--- Data records ---
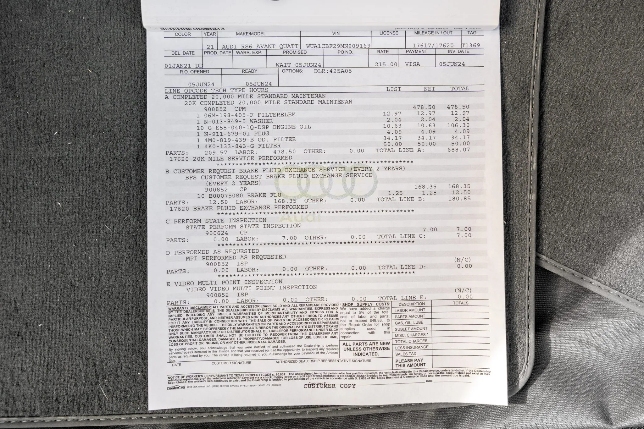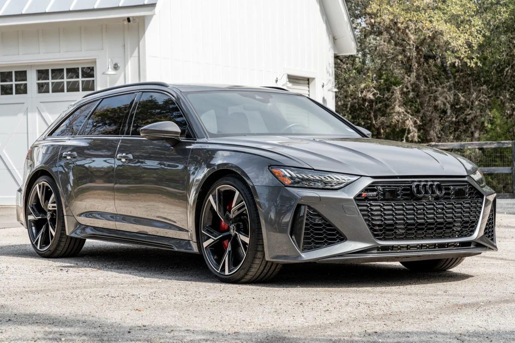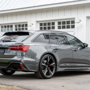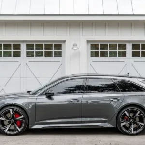This 2021 Audi RS6 Avant was produced for the Canadian market and was imported to the US in 2023 prior to being purchased by the seller during that year, and it now has 24k miles. It is powered by a twin-turbocharged 4.0L mild-hybrid V8 linked with an eight-speed automatic transaxle and Quattro all-wheel drive, and it is finished in Daytona Gray Pearl Effect over Cognac leather upholstery. Equipment includes the Carbon Optic Exterior and Executive packages as well as LED Matrix-Design Laser headlights, a sunroof, parking sensors, 22″ Audi Sport V-spoke wheels, heated and ventilated power-adjustable front RS sport seats, carbon-fiber interior trim, heated rear seats, a Bang & Olufsen 3D Advanced sound system, a head-up display, night-vision assist, a sport exhaust, a surround-view camera system, adaptive cruise control, and Audi MMI Touch infotainment with Navigation Plus. This C8 RS6 Avant is now offered with the owner’s manual, service records, an accident-free Carfax report, and a Texas title in the seller’s name.
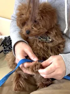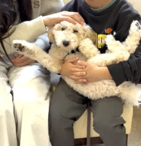 コアくんは良く動くワンちゃんですが、抱っこは大好き。とても良いことですね。今日はお手入れに向けて身体を触る練習もしました。
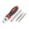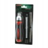 Тріскаткова викрутка 4-в-1 GAAR0402. У своїй комплектації вона має дві двосторонні біти та битоутримувач з реверсною тріскоткою. У виготовленні викрутки використовується високоякісний сплав хром-ванадієвої сталі та оснащений магнітним тримачем. Ручка викрутки складається із двокомпонентного пластику, що сприяє зручній роботі.
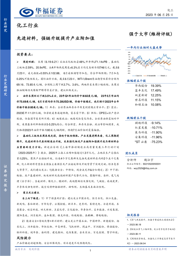 本报告的核心观点是:化工行业本周表现分化,石油石化板块表现好于大盘,基础化工板块表现弱于大盘。油价中枢稳定,预计2023年全年价格中枢在80美元/桶。先进材料成为化工行业新的增长点,产业链附加值提升成为重要方向。建议关注能源安全、中下游盈利扩张以及新兴材料等投资机会。
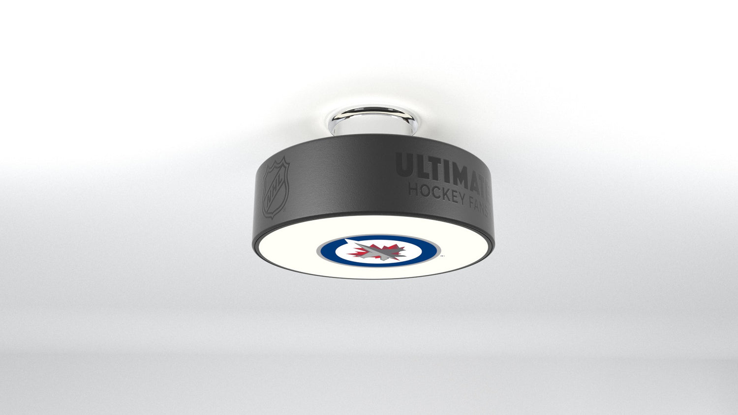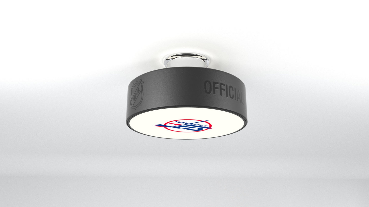 The Winnipeg Jets™ hockey puck light fixture is designed to illuminate any of your favorite Winnipeg Jets™ logos into any room.
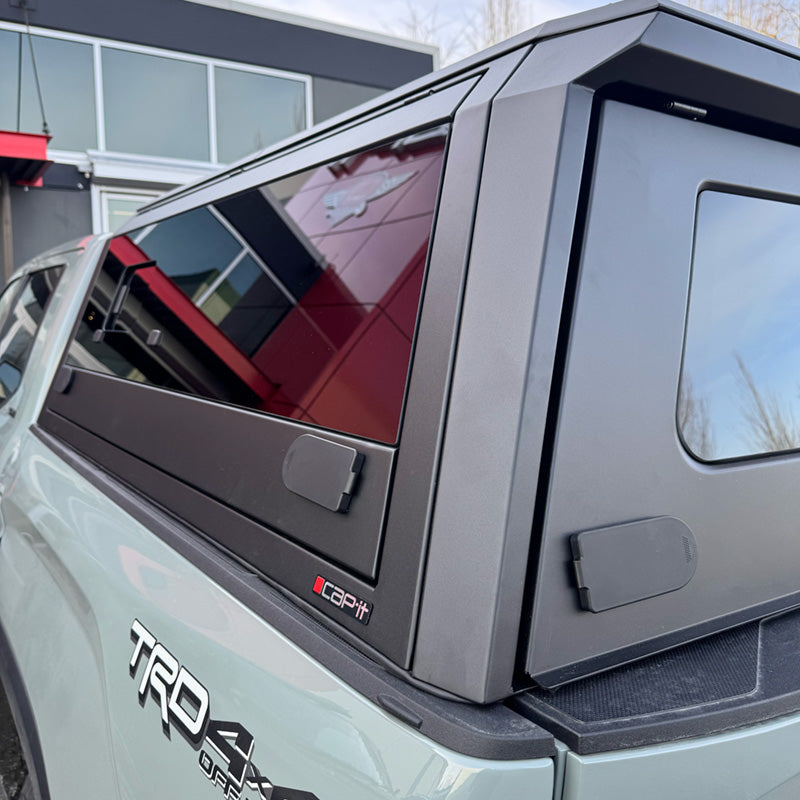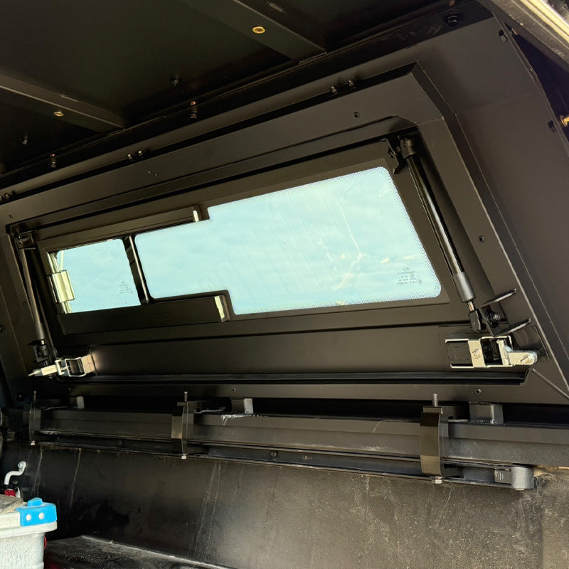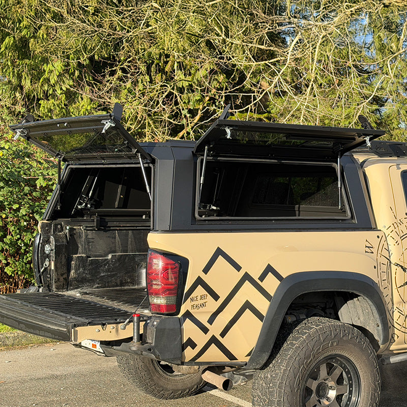 Built from aluminum alloy panels and structure, the CMX delivers corrosion resistance, strong roof capacity, and a refined, modern look that suits daily driving, recreation, and family use. This Side Windows canopy features gullwing-style lift-up side doors with integrated sliding glass windows, allowing light and airflow into the truck bed while maintaining secure, lockable access.
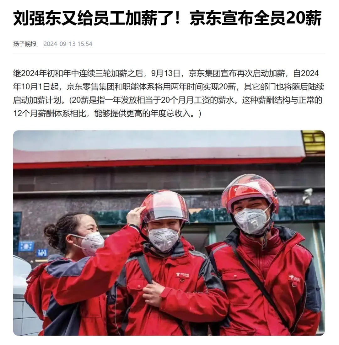 新聞稿上宣傳的 “全員 20 薪”,實際上只有極少數人能拿到。京東內部很多人其實很反感這種形式主義。
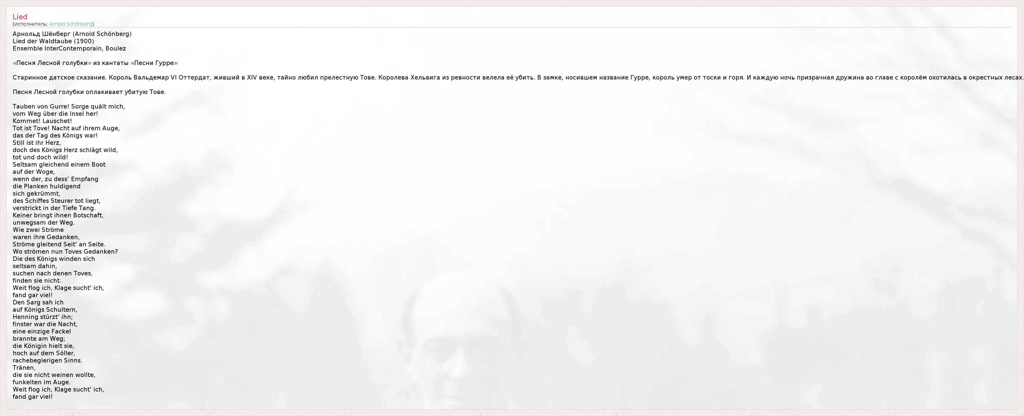 «Песня Лесной голубки» из кантаты «Песни Гурре»
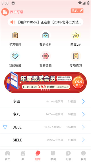 每個(gè)語種的每個(gè)等級,收藏歷年真題可以復(fù)習(xí),方便了解考試題型、難度,鍛煉自己的做題速度,也可以通過題庫鞏固和復(fù)習(xí)有關(guān)知識(shí)。遇到不會(huì)的題目可以在筆記圈里跟同學(xué)們一起討論。

--- Problem ---
Leave the pictures out. Transcribe exactly the lines from the one with "Built from aluminum" through the end of the records.

--- Reply ---
 Built from aluminum alloy panels and structure, the CMX delivers corrosion resistance, strong roof capacity, and a refined, modern look that suits daily driving, recreation, and family use. This Side Windows canopy features gullwing-style lift-up side doors with integrated sliding glass windows, allowing light and airflow into the truck bed while maintaining secure, lockable access.
 新聞稿上宣傳的 “全員 20 薪”,實際上只有極少數人能拿到。京東內部很多人其實很反感這種形式主義。
 «Песня Лесной голубки» из кантаты «Песни Гурре»
 每個(gè)語種的每個(gè)等級,收藏歷年真題可以復(fù)習(xí),方便了解考試題型、難度,鍛煉自己的做題速度,也可以通過題庫鞏固和復(fù)習(xí)有關(guān)知識(shí)。遇到不會(huì)的題目可以在筆記圈里跟同學(xué)們一起討論。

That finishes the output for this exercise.